Changes to Endangered Species Act

Late last month a series of rule changes to the Endangered Species Act were finalized by the Trump Administration with David Bernhardt at the helm. The final rules were signed August 12th this year, after a process that started in July of 2018. And while many conservation organizations quickly pivoted to challenge these changes, many are still trying to understand just what the impacts will look like on the ground. On the whole, and despite dozens of amendments, the Endangered Species Act is touted as perhaps the most important conservation law in history. Since the first series of listings in 1976, the number of listed endangered species has ballooned, from 178 to ~1650 today. But despite the Act’s inclusiveness, effectiveness, and board public support, changes made this summer to how regulations are carried out represent a step backwards for conserving our wildlife.
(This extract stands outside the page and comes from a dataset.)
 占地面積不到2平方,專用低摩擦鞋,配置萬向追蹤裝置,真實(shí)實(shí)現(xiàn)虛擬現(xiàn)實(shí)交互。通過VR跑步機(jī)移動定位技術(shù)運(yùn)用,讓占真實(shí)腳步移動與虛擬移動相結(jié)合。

Here’s a look at what has changed.

  • Process and definitions
    • Section 4 of the Act lays out species listing and habitat delineation criteria. Changes made do 4 primary things; 1) Amend the protections extended to threatened species (removing the “blanket protection” that gave them essentially the same protection levels as endangered), 2) Amend the process of defining a species critical habitat, reducing the inclusion of currently unoccupied habitat, 3) Amend the definition of “foreseeable future” so only impacts to species that are “likely” can be considered during a listing decision (eliminating the inclusion of climate impacts) , and 4) Amend the listing process to now require economic impacts of listing to be estimated, a process that was expressly omitted in previous iterations.
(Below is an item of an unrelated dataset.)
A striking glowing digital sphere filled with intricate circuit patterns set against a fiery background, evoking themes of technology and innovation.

  • Federal Agency Consultations
    • Section 7 of the law defines interagency consultation for development or permitted activities on federally managed lands that affect threatened and endangered species or their habitats. Rule changes this year put into place a consultation timeline, revise the definition of “destruction or adverse modification” for its application to effects on critical habitat, and revise how the “environmental baseline” for a species is described at the time of listing.
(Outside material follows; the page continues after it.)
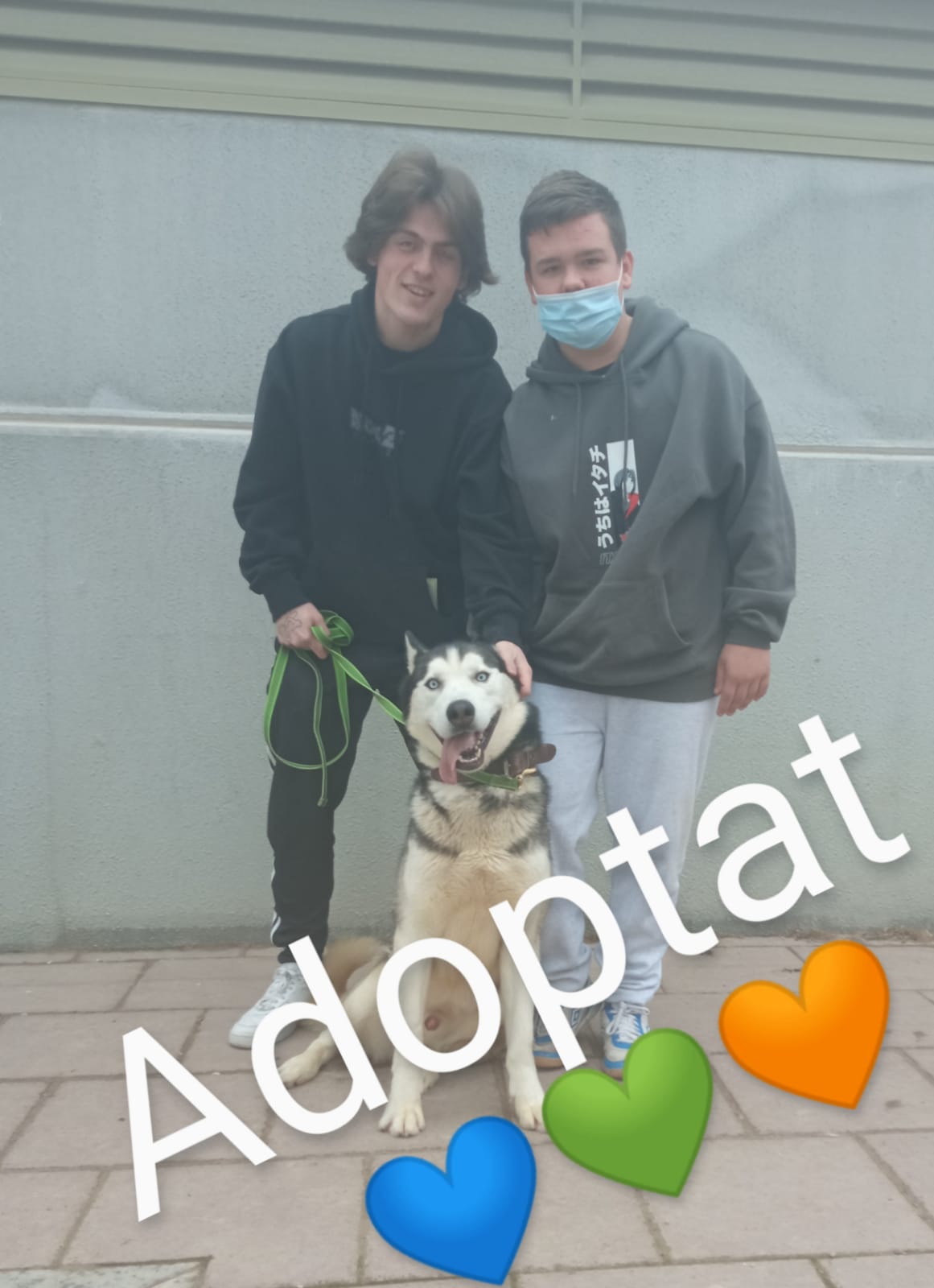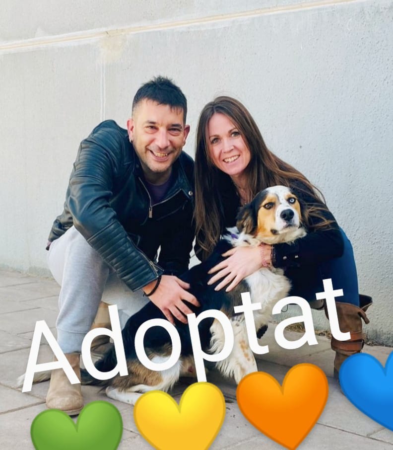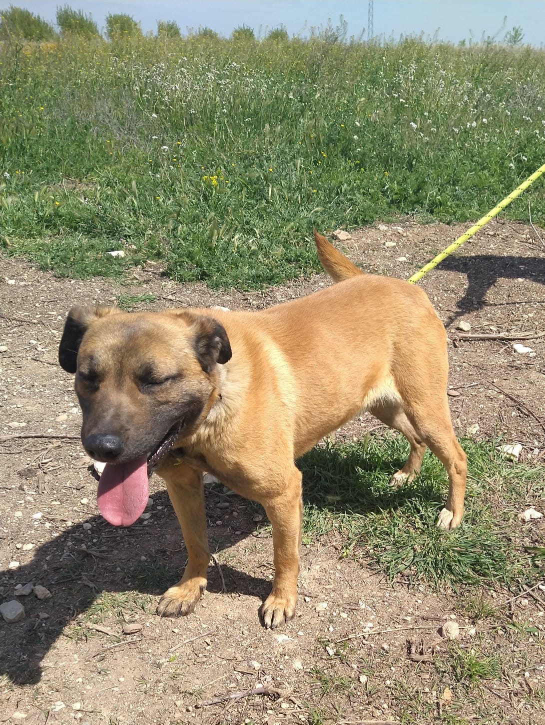 Aquest gos va ser rescatat a Puigverd de Lleida, juntament amb vuit gossos mes. És un gos tranquil, bo. Passeja amb corretja sense cap problema.

While the press release affirms that loosening regulations and clarifying definitions found within the Endangered Species Act are intended to increase the law’s transparency, most groups recognize the changes intent to spur natural resource development, like logging, mining, and gas drilling in critical habitats across the country. These changes are most likely to affect three species in Montana that our state provides critical habitat for, the Piping Plover, the Bull trout, and the Canada Lynx. Beyond these three, an additional 16 plant and animal species fall under the act in Montana, including the Grizzly Bear, Black-footed Ferret. Surely this is something to keep a watch on as these rule changes continue to face legal challenges.